We all love our daily cuppa joe, but did you know that the coffee industry actually produces a lot of waste? Beyond the disposable paper cups and lids that usually don’t get recycled, much of the waste includes spent coffee grounds.
It’s estimated that 18 million tonnes of coffee grounds goes into landfill each year, where they emit methane – a greenhouse gas 25 times more potent than carbon dioxide over a 100-year period, which is one of the primary causes of global warming.
To make sure that your coffee habit isn’t contributing to climate change, we’ve found three companies around the world to support that have been finding new uses for coffee by-products:
Coffee Cherry Co.
Denver-based Coffee Cherry Co. upcycles coffee cherries from farmers to create coffee flour, which is then used in baked goods, confectionery or in beverages. Not only does this reduce significant amounts of waste, it also prevents the additional greenhouse gas emissions (GHG) that would otherwise be released if the cherries were left to rot in coffee plantations.
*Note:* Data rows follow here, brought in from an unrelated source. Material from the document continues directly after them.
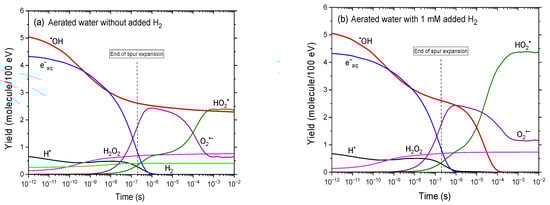 In the absence of added H2, the time evolution of G(•OH) remains essentially unchanged compared to the deaerated case. However, in the presence of 0.25 mM dissolved oxygen, H• atoms are converted into HO2• via reaction (5), which proceeds at ~0.3 μs, based on the reciprocal of oxygen’s scavenging power. Additionally, unlike in the radiolysis of deaerated water, hydrated electrons are rapidly scavenged by O2 through reaction (10), forming superoxide anion radicals at around 0.2 μs. As a result, most—if not all—e−aq are effectively converted into O2•−, accounting for the sharp rise in G(O2•−) observed between ~10 ns to 1 μs. At longer times, G(O2•−) gradually decreases due to the following reaction [4,36]:
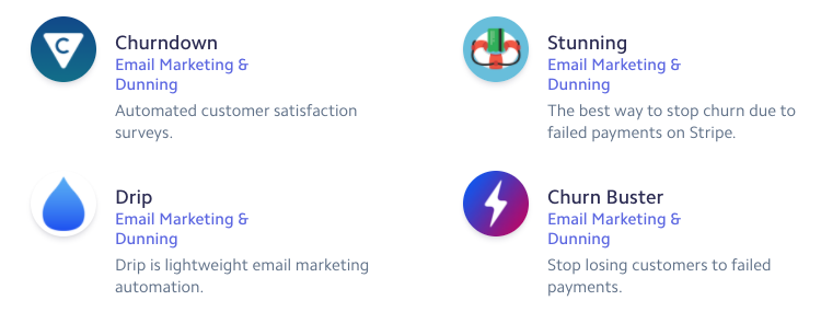 See Stunning, ChurnBuster, Baremetrics, or others in Stripe’s App directory.
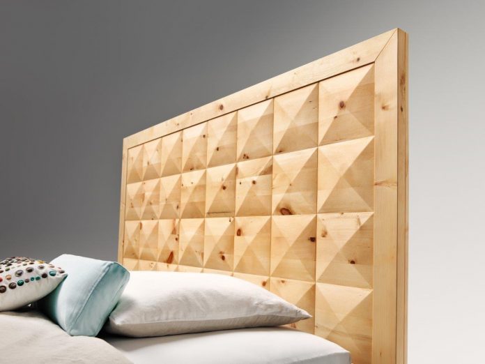 Wahrhaft erhaben wirkt das neue Zirbenbett vom Massivholzspezialisten Anrei Reisinger aus Pabneukirchen, Österreich. Big Ann beeindruckt durch ein außergewöhnliches Kopfhaupt mit pyramidenförmigen Reliefs, ein handwerkliches Meisterstück von stattlicher Größe.
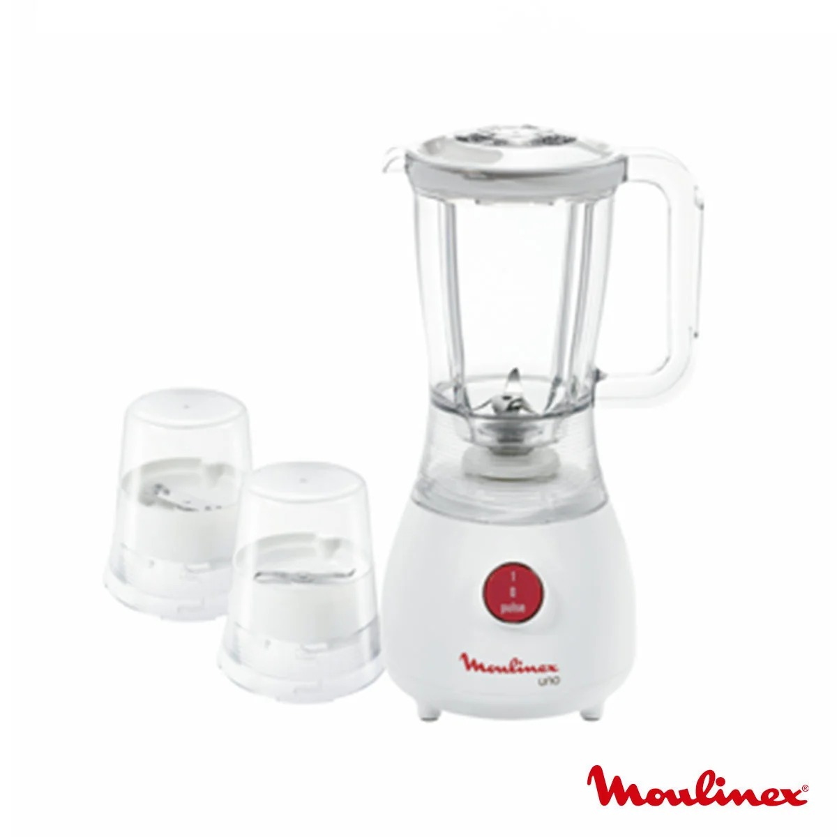 مخلوط کن دو کاره مولینکس با یک سرعت ثابت و عملکرد پالس کار میکند. دکمه پالس برای کنترل دقیق در مواقع حساس مانند خرد کردن یخ یا آسیاب ادویه، بسیار مفید است. علاوه بر این، دو عدد سری آسیابکن همراه دستگاه عرضه میشود که برای پودر کردن قهوه، زیره یا خشکبار عالی هستند.
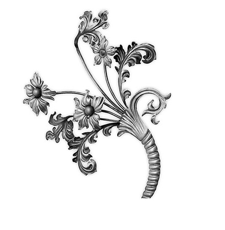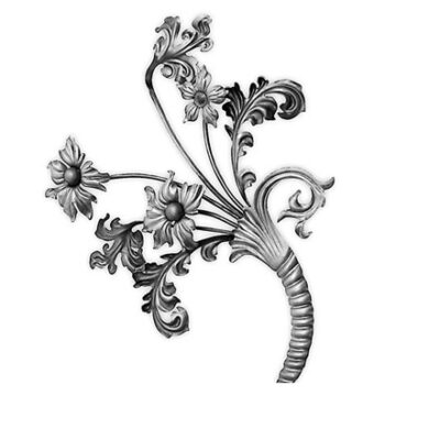 Богато украсено пано от ковано желязо с листа, цветя и рози за допълнителна романтика за вграждане в огради, маси, столове, цветарници, люлки, беседки, решетки и други изделия от ковано желязо.
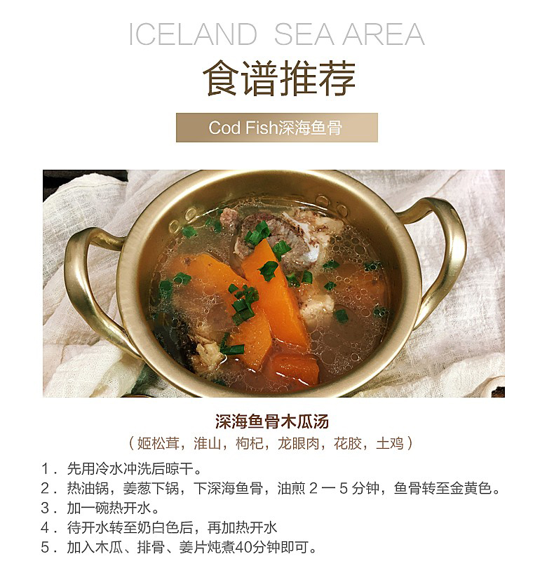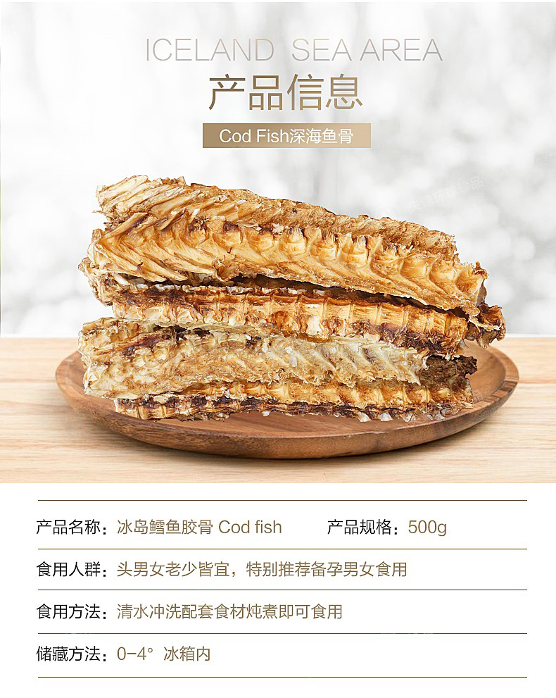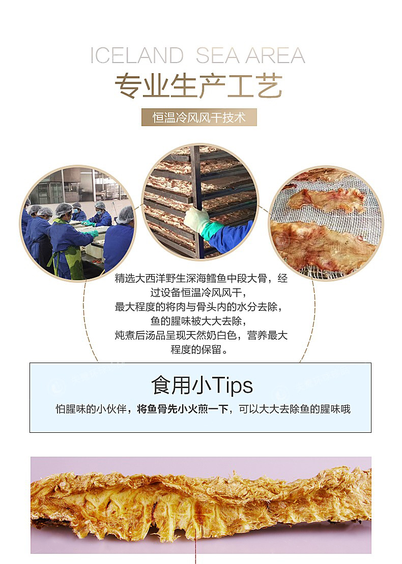 【冰岛鳕鱼骨】来自北极深海鳕鱼骨,天然补钙更健康!鳕鱼骨含有丰富的营养物质,钙质丰富,胶原多!用鳕鱼骨来煲汤、熬粥,对人体也有很大的滋补帮助!【QJ-J仓】

Belliveau, founder of Coffee Cherry Co and a former Starbucks coffee engineer, explains that the product “has more antioxidants than pomegranate, more iron than spinach, and more fibre than a coconut.” Head to the company’s website for a range of delicious recipes that can be made from coffee flour, from Coffee Cherry Caramel Corn to Coffee Cherry Flour Tortillas. The company’s partners have also used coffee flour to enhance the nutrition and taste of a range of foods, from almond butters to pasta.
Learn more at Coffee Cherry Co.
British company Bio-bean has developed a way to upcycle spent coffee grounds while reducing GHG emissions. Leveraging the oil in spent coffee grounds, the company compresses them into biomass pellets and logs, which can then be used to fuel industrial boilers, domestic stoves and multi-fuel burners, replacing the use of virgin wood. Bio-bean’s pellets and logs reduce GHG emissions and are also more efficient – they are also 20% hotter and burn for longer than dried wood.
Realising the residual nutritional value in spent coffee grounds, Bio-bean has also produced a line of spent coffee ground extracts. The extracts can be used as natural flavouring in foods and beverages; they can also be used commercially, as an additive to cosmetics or dyes. When it comes to a circular economy for coffee, Bio-bean is certainly leading the way!
Learn more about Bio-bean
Hong Kong-based social enterprise Eco Greenergy has also been innovating with coffee grounds. Having launched the ‘Zero Grounds Coffee Campaign’ to encourage coffee ground upcycling, they provide a coffee grounds recycling service, upcycling workshops and a coffee grounds recycling tour in the company’s processing factory.
Since its launch, they have already recycled 105.5 tons of coffee grounds, with participating organisations including hotel groups such as Mandarin Oriental, and global coffee chains such as Starbucks and Pacific Coffee.
What’s more – Eco Greenergy also sells a variety of zero-waste products on its e-shop, including coffee scrubbing soaps that were made from spent coffee grounds.
By upcycling coffee cherries and spent coffee grounds, these companies showcase the endless possibilities that come with embracing a circular economy. Not only are they able to reduce waste, but in the process, create products that have a much lower environmental footprint, higher nutritional value and positive impact on the planet.